严建成¹, 冯向东², 卢得勇¹, 李进¹(

), 孟鹏军¹, 娄宝辉², 郭健¹, 李正涛³, 朱正旺³

^1.浙江浙能兰溪发电有限责任公司金华 321100
^2.浙江浙能技术研究院有限公司杭州 311121
^3.东北大学冶金学院先进亚稳金属材料研究中心沈阳 110819

Corrosion Behavior of a Novel Cu-Zn Based High Entropy Alloy in an Artificial Hard Water

YAN Jiancheng¹, FENG Xiangdong², LU Deyong¹, LI Jin¹(

), MENG Pengjun¹, LOU Baohui², GUO Jian¹, LI Zhengtao³, ZHU Zhengwang³

^1.Zhejiang Zheneng Lanxi Electric Power Generation Co.

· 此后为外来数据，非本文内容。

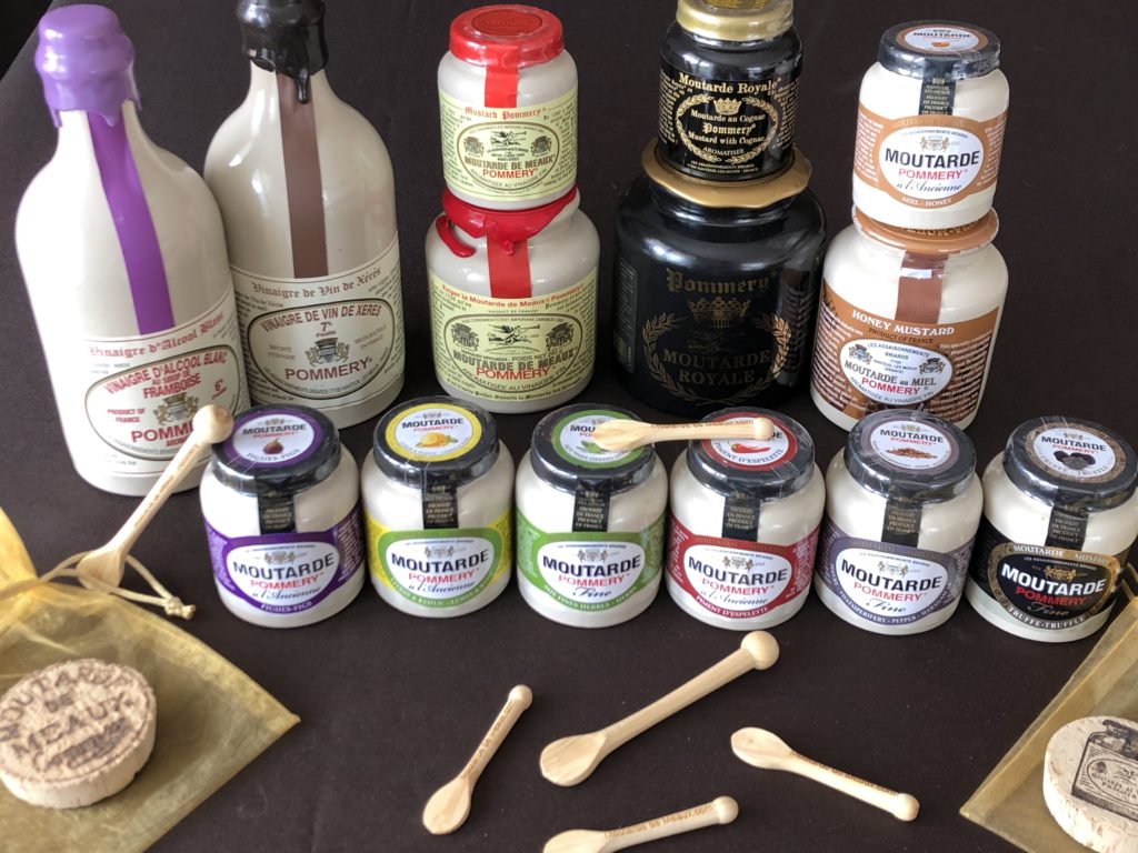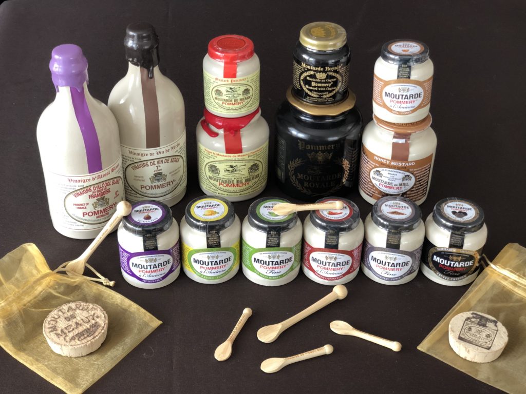 • – Moutarde de Meaux® Pommery® classique mais aussi de nombreuses déclinaisons : au pain d’épices, du lion (moutarde fine, tamisée), au miel, Royale® au Cognac, au poivre Voastsiperifery, citron & basilic, aux fines herbes, au piment d’Espelette, aux figues, des pompiers (au piment), au poivre vert, …

Ltd. , Jinhua 321100, China
^2.Zhejiang Energy R&D Institute, Hangzhou 311121, China
^3.Research Center of Advanced Metastable Metallic Materials, School of Metallurgy, Northeastern University, Shenyang 110819, China

引用本文:

严建成, 冯向东, 卢得勇, 李进, 孟鹏军, 娄宝辉, 郭健, 李正涛, 朱正旺. 一种Cu-Zn基高熵合金在硬水中的腐蚀行为研究[J]. 中国腐蚀与防护学报, 2026, 46(2): 601-610.
Jiancheng YAN, Xiangdong FENG, Deyong LU, Jin LI, Pengjun MENG, Baohui LOU, Jian GUO, Zhengtao LI, Zhengwang ZHU. Corrosion Behavior of a Novel Cu-Zn Based High Entropy Alloy in an Artificial Hard Water[J]. Journal of Chinese Society for Corrosion and protection, 2026, 46(2): 601-610.

全文: PDF(12727 KB) HTML

摘要:

针对传统阻垢合金在硬水中普遍存在的脱锌失效问题，设计并制备了多组元Cu-Zn基高熵合金(Cu-Zn HEA)阻垢材料。以商用KDF55 (Cu85Zn15，质量分数，%)合金为对照组，研究了Cu-Zn基高熵合金在一种人工硬水中的腐蚀行为。电子背散射衍射(EBSD)分析表明，该高熵合金呈现单相面心立方(FCC)固溶体结构。电化学测量结果显示：Cu-Zn基高熵合金的自腐蚀电流密度(I_corr)为(2.37 ± 0.39) µA·cm^-2，较对照组降低40%；在时长15 d的浸泡实验中，其平均腐蚀速率(V_corr)为(0.09 ± 0.01) mm·a^-1，降幅达61%。微观形貌表征与腐蚀产物分析表明，高熵合金表面生成富含Ni/Co/Fe氧化物的致密钝化膜，腐蚀损伤轻微；而KDF55合金则发生显著均匀腐蚀，并伴随严重脱锌现象。研究结果为高稳定性阻垢合金的研发提供了有意义的参考。

关键词 ： Cu-Zn基高熵合金, 阻垢合金, 耐腐蚀性能, 脱锌, 钝化膜

Abstract：

To resolve the pervasive dezincification failure of conventional scale-resistant alloys in hard water environments, herein, a multicomponent Cu-Zn based high-entropy alloy (HEA) as an advanced anti-scaling material was designed and prepared via vacuum induction furnace smelting and casting. Then the corrosion behavior of Cu-Zn based HEA in an artificial hard water was assessed comparatively with a commercial Cu-Zn based KDF55 alloy. Electron backscatter diffraction (EBSD) results confirmed that the HEA exhibits a microstructure of single solid solution phase with face-centered cubic (FCC) crystal structure. Electrochemical measurements demonstrated that the HEA alloy presented superior corrosion resistance, with a free-corrosion current density (I_corr) of (2.37 ± 0.39) µA·cm^-2, which was 40% lower than the KDF55 alloy. In contrast to KDF55, the HEA exhibited an average corrosion rate (V_corr) of (0.09 ± 0.01) mm·a^-1, which was 61% lower. Microstructural characterization and corrosion product analysis revealed that the HEA surface developed a dense passive film enriched with Ni/Co/Fe oxides, resulting in minimal corrosion damage. In contrast, the KDF55 alloy exhibited pronounced uniform corrosion accompanied by severe dezincification. This work provides a good reference for the further research and development of highly stable anti-scaling alloys.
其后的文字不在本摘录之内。